---- Available data
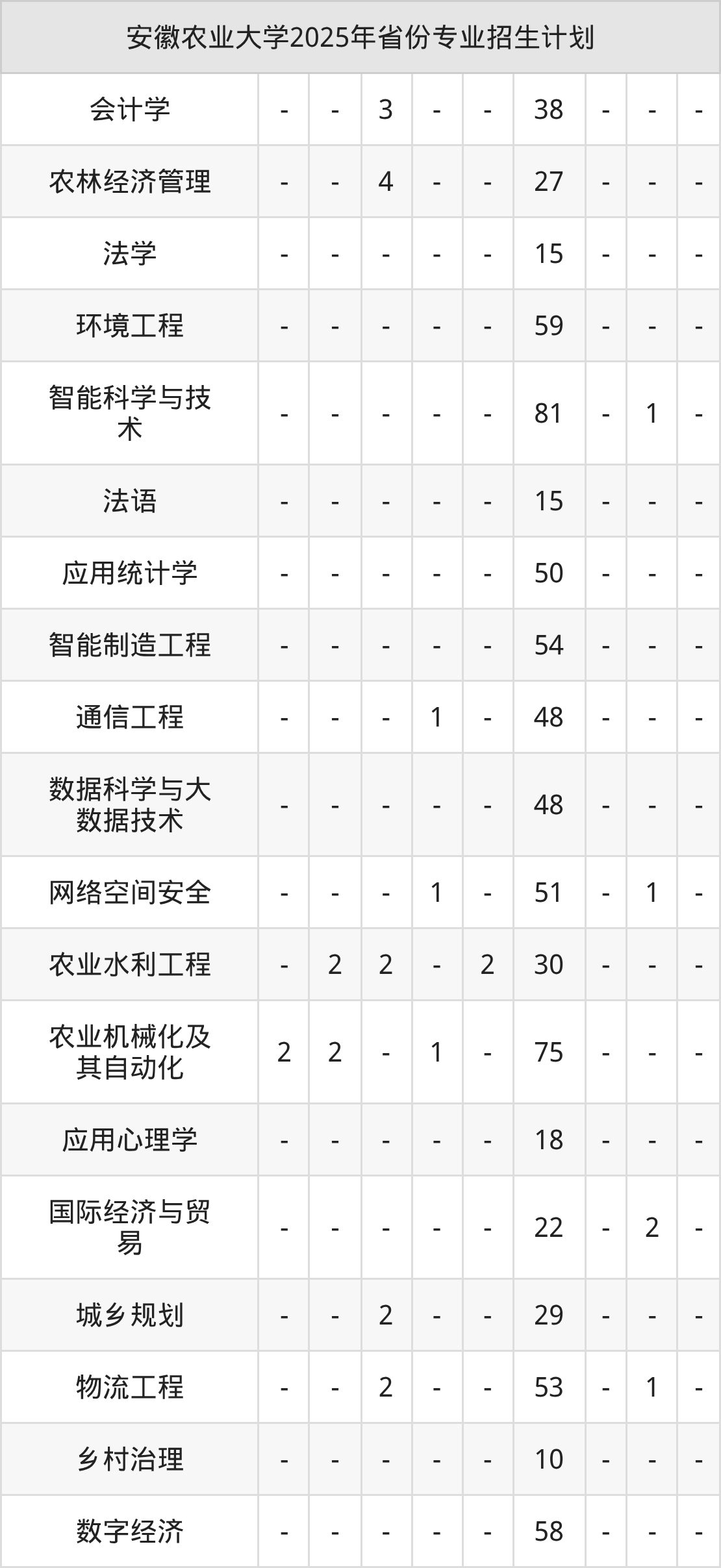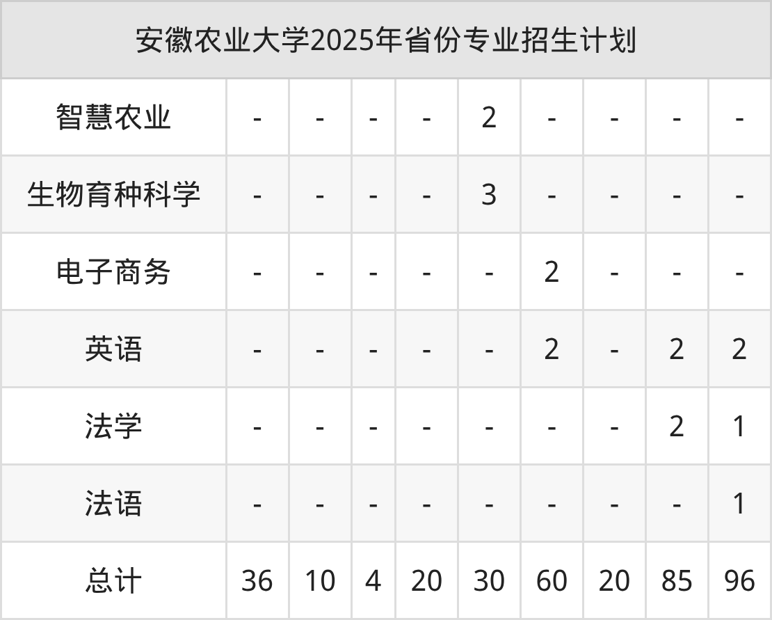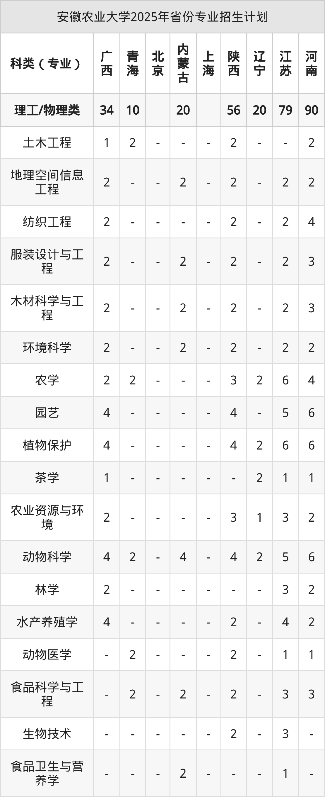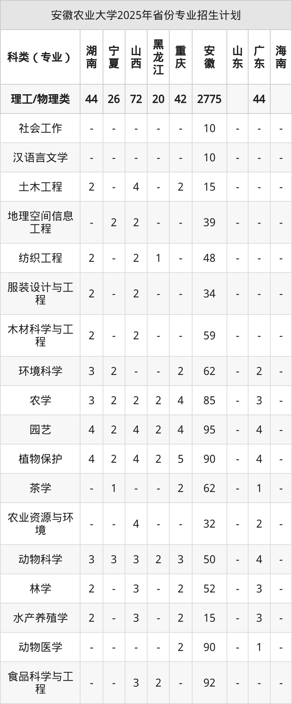 2026年安徽农业大学本科招生计划待公布,下面附上2025年数据,暂供参考:
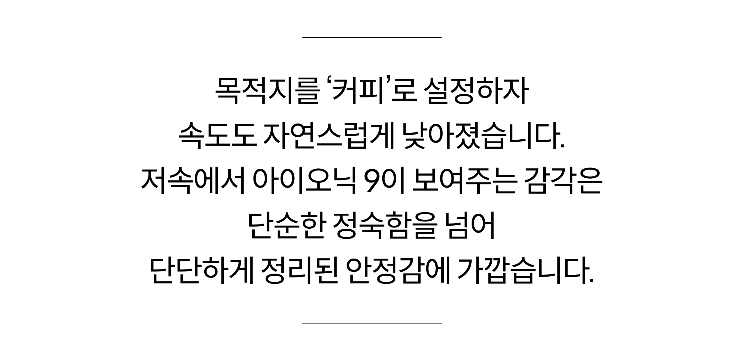 좋은 커피는 시간을 들여 마셔야 합니다. 좋은 이동도 비슷합니다. 빠르게 도착하는 대신, 천천히 좋은 기분을 만끽하며 목적지에 이르는 동안의 감각을 또렷하게 남기죠. 그래서 우리는 이번 여정에서 ‘도착’보다 ‘과정’을 선택했습니다.
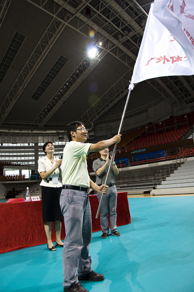 该活动主要分为两个环节,第一个环节为仪式环节,首先由李旭武宣读由组委会发布的全民志愿服务行动倡议书,宣读完毕后,我校人力资源副经理范聪从林少娜手中接过了广东外语外贸大学体育场馆志愿者服务队队旗。随后何越辉进行了发言,他首先赞扬我校学生对亚运志愿者活动的积极参与的精神和高昂的工作热情,并对在场的所有志愿者提出了四点希望和要求。而林少娜则表示,今天的行动是我校师生献给亚运的最好的礼物,“我们用我们的实际行动向各方宣告我们已经做好了迎接来自五湖四海的朋友的准备,我们会用干净的亚运场馆来迎接亚运的到来。”
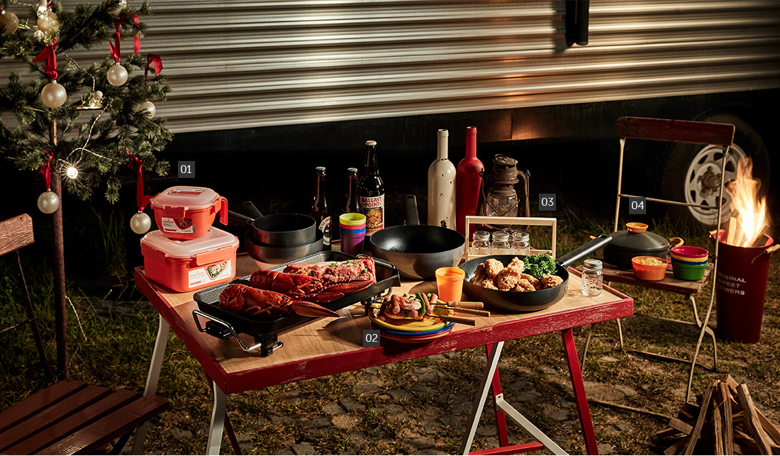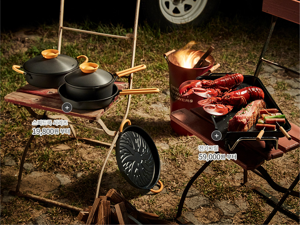 요즘은 그릴이 갖춰져 있는 곳도 있고, 그릴이 없는 곳도 있어서 그릴이 없어도 고기를 맛있게 먹을 수 있도록 조리도구를 구비하는게 좋아요~ 스피드쿡 시리즈는 열전도율이 좋아서 빠른 조리가 가능하고, 그릴이나 버너가 없을 때, 캠핑장에 전기 꽂을 곳만 있으면 바로 고기를 구울 수 있는 전기 그릴도 구비해 두면 좋아요~
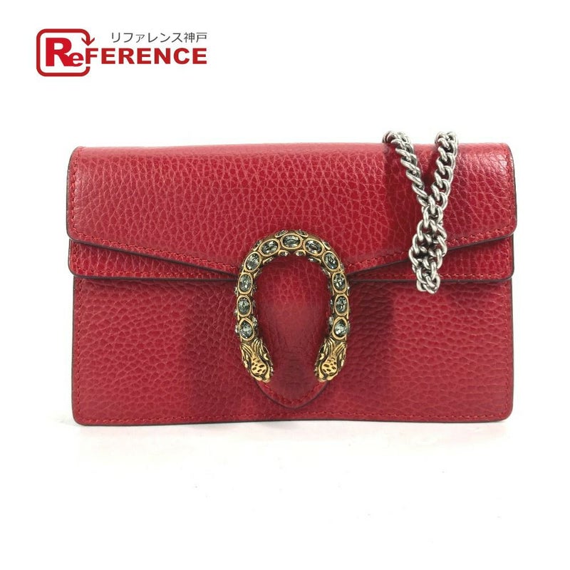 【新品同様】グッチ 赤色 GUCCI グッチ 476432 2WAY バッグ ポーチ クラッチバッグ ディオニュソス ラインストーン チェーン 斜め掛け ショルダーバッグ レザー レディース レッド 新品同様 【中古】
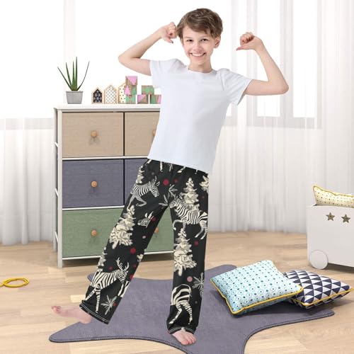 Zebra Xmas Tree Boys Long Pants Soft Trousers Elastic Waist Kids Lounge Bottoms with Pockets S-XL 4
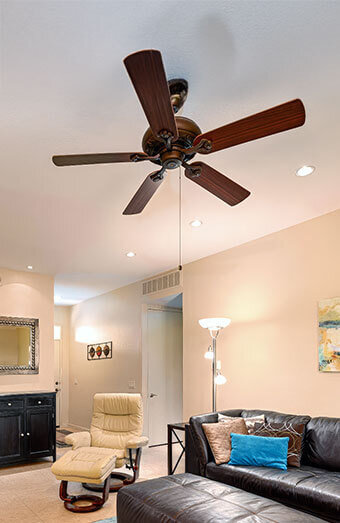 Professional installation of new ceiling fans in bedrooms, living areas, patios and offices, with options including standard fans, modern designs and custom mounting heights.
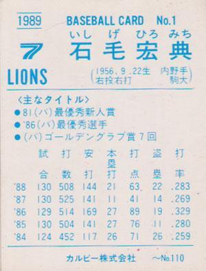 ★トレカ★1989年カルビー【#001 石毛宏典】★
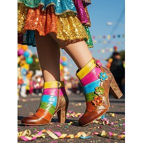 Vrouwen's Mardi Gras Multikleuren Lederen Blokhak Laarzen met Golvend Ontwerp Comfortabel en Vibrant Ideaal voor Carnaval en Feestelijke Gelegenheden
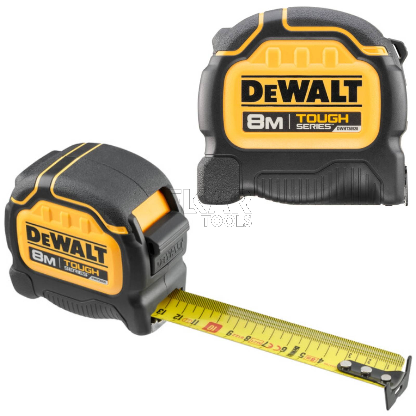 Miara zwijana DeWalt DWHT36928-0 o długości 8 metrów to solidne narzędzie pomiarowe z serii Tough Series, zaprojektowane z myślą o trwałości i wygodzie użytkowania. Wyposażona w bardzo szeroką taśmę pokrytą powłoką Blade Armor™, zapewniającą odporność na uszkodzenia oraz precyzję pomiarów. Ergonomiczna obudowa z gumową powłoką gwarantuje pewny chwyt i ochronę przed uszkodzeniami podczas upadku.
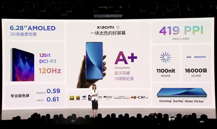 屏幕方面,小米12搭载了一块6.28英寸、2400x1080分辨率屏幕,采用微曲面设计,支持12bit色深显示,1100nit峰值亮度,支持16000级自动亮度调整。
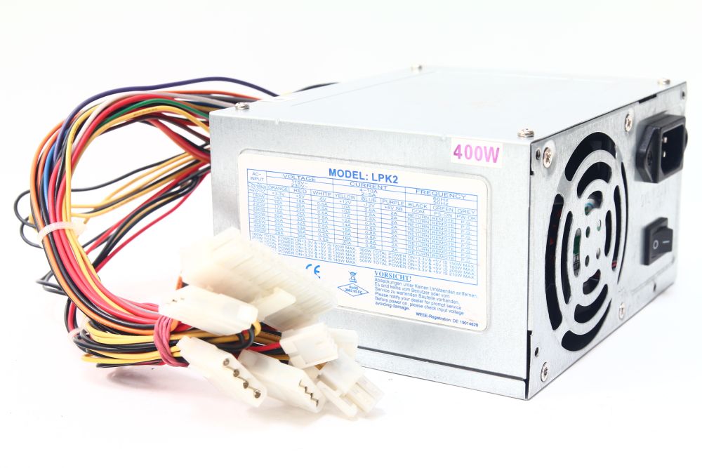 Anschlüsse: 24P Mainboard, 8P CPU, 2x SATA, 2x 8P Grafikkarte, 1x IDE. Aktiv gekühlt mit leisen Lüfter - ausgewogen zwischen Leistung und Geräuschentwicklung.
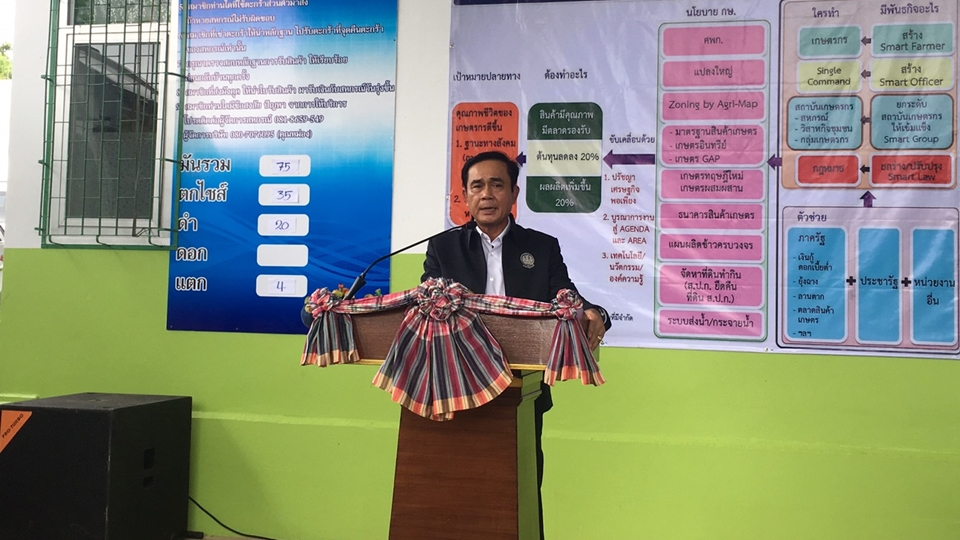 “รัฐบาลได้นำศาสตร์พระราชาและปรัญชาเศรษฐกิจพอเพียง ของพระบาทสมเด็จพระปรมินทรมหาภูมิพลอดุลยเดช และพระบรมราโชวาทของสมเด็จพระเจ้าอยู่หัว ที่ทรงรับสั่งให้มีเป้าหมายในการทำงาน และเตรียมแผนเผชิญเหตุเพื่อลดความเสี่ยง มาใช้ในการแก้ปัญหาและพัฒนาการเกษตรในทุกขั้นตอน เชื่อมโยงทั้งห่วงโซ่ ทั้งนี้เกษตรกรมีความต้องการที่แตกต่างกัน รัฐบาลไม่สามารถตอบสนองได้ทุกความต้องการ จึงขอให้รวมกลุ่มเป็นเกษตรแปลงใหญ่ หากขาดสิ่งใด รัฐบาลจะเติมเต็มให้ และขอให้สร้างแรงบันดาลใจให้ผู้บริโภคว่าไม่ว่าผลไม้จะลูกเล็กหรือใหญ่ ก็อร่อยเหมือนกันหมด พร้อมใช้เทคโนโลยีพัฒนาผลผลิตให้ดีขึ้น” นายกรัฐมนตรี กล่าว
--------
About this exercise | Give back the records above exactly. Pictures stay out.

Response |
 2026年安徽农业大学本科招生计划待公布,下面附上2025年数据,暂供参考:
 좋은 커피는 시간을 들여 마셔야 합니다. 좋은 이동도 비슷합니다. 빠르게 도착하는 대신, 천천히 좋은 기분을 만끽하며 목적지에 이르는 동안의 감각을 또렷하게 남기죠. 그래서 우리는 이번 여정에서 ‘도착’보다 ‘과정’을 선택했습니다.
 该活动主要分为两个环节,第一个环节为仪式环节,首先由李旭武宣读由组委会发布的全民志愿服务行动倡议书,宣读完毕后,我校人力资源副经理范聪从林少娜手中接过了广东外语外贸大学体育场馆志愿者服务队队旗。随后何越辉进行了发言,他首先赞扬我校学生对亚运志愿者活动的积极参与的精神和高昂的工作热情,并对在场的所有志愿者提出了四点希望和要求。而林少娜则表示,今天的行动是我校师生献给亚运的最好的礼物,“我们用我们的实际行动向各方宣告我们已经做好了迎接来自五湖四海的朋友的准备,我们会用干净的亚运场馆来迎接亚运的到来。”
 요즘은 그릴이 갖춰져 있는 곳도 있고, 그릴이 없는 곳도 있어서 그릴이 없어도 고기를 맛있게 먹을 수 있도록 조리도구를 구비하는게 좋아요~ 스피드쿡 시리즈는 열전도율이 좋아서 빠른 조리가 가능하고, 그릴이나 버너가 없을 때, 캠핑장에 전기 꽂을 곳만 있으면 바로 고기를 구울 수 있는 전기 그릴도 구비해 두면 좋아요~
 【新品同様】グッチ 赤色 GUCCI グッチ 476432 2WAY バッグ ポーチ クラッチバッグ ディオニュソス ラインストーン チェーン 斜め掛け ショルダーバッグ レザー レディース レッド 新品同様 【中古】
 Zebra Xmas Tree Boys Long Pants Soft Trousers Elastic Waist Kids Lounge Bottoms with Pockets S-XL 4
 Professional installation of new ceiling fans in bedrooms, living areas, patios and offices, with options including standard fans, modern designs and custom mounting heights.
 ★トレカ★1989年カルビー【#001 石毛宏典】★
 Vrouwen's Mardi Gras Multikleuren Lederen Blokhak Laarzen met Golvend Ontwerp Comfortabel en Vibrant Ideaal voor Carnaval en Feestelijke Gelegenheden
 Miara zwijana DeWalt DWHT36928-0 o długości 8 metrów to solidne narzędzie pomiarowe z serii Tough Series, zaprojektowane z myślą o trwałości i wygodzie użytkowania. Wyposażona w bardzo szeroką taśmę pokrytą powłoką Blade Armor™, zapewniającą odporność na uszkodzenia oraz precyzję pomiarów. Ergonomiczna obudowa z gumową powłoką gwarantuje pewny chwyt i ochronę przed uszkodzeniami podczas upadku.
 屏幕方面,小米12搭载了一块6.28英寸、2400x1080分辨率屏幕,采用微曲面设计,支持12bit色深显示,1100nit峰值亮度,支持16000级自动亮度调整。
 Anschlüsse: 24P Mainboard, 8P CPU, 2x SATA, 2x 8P Grafikkarte, 1x IDE. Aktiv gekühlt mit leisen Lüfter - ausgewogen zwischen Leistung und Geräuschentwicklung.
 “รัฐบาลได้นำศาสตร์พระราชาและปรัญชาเศรษฐกิจพอเพียง ของพระบาทสมเด็จพระปรมินทรมหาภูมิพลอดุลยเดช และพระบรมราโชวาทของสมเด็จพระเจ้าอยู่หัว ที่ทรงรับสั่งให้มีเป้าหมายในการทำงาน และเตรียมแผนเผชิญเหตุเพื่อลดความเสี่ยง มาใช้ในการแก้ปัญหาและพัฒนาการเกษตรในทุกขั้นตอน เชื่อมโยงทั้งห่วงโซ่ ทั้งนี้เกษตรกรมีความต้องการที่แตกต่างกัน รัฐบาลไม่สามารถตอบสนองได้ทุกความต้องการ จึงขอให้รวมกลุ่มเป็นเกษตรแปลงใหญ่ หากขาดสิ่งใด รัฐบาลจะเติมเต็มให้ และขอให้สร้างแรงบันดาลใจให้ผู้บริโภคว่าไม่ว่าผลไม้จะลูกเล็กหรือใหญ่ ก็อร่อยเหมือนกันหมด พร้อมใช้เทคโนโลยีพัฒนาผลผลิตให้ดีขึ้น” นายกรัฐมนตรี กล่าว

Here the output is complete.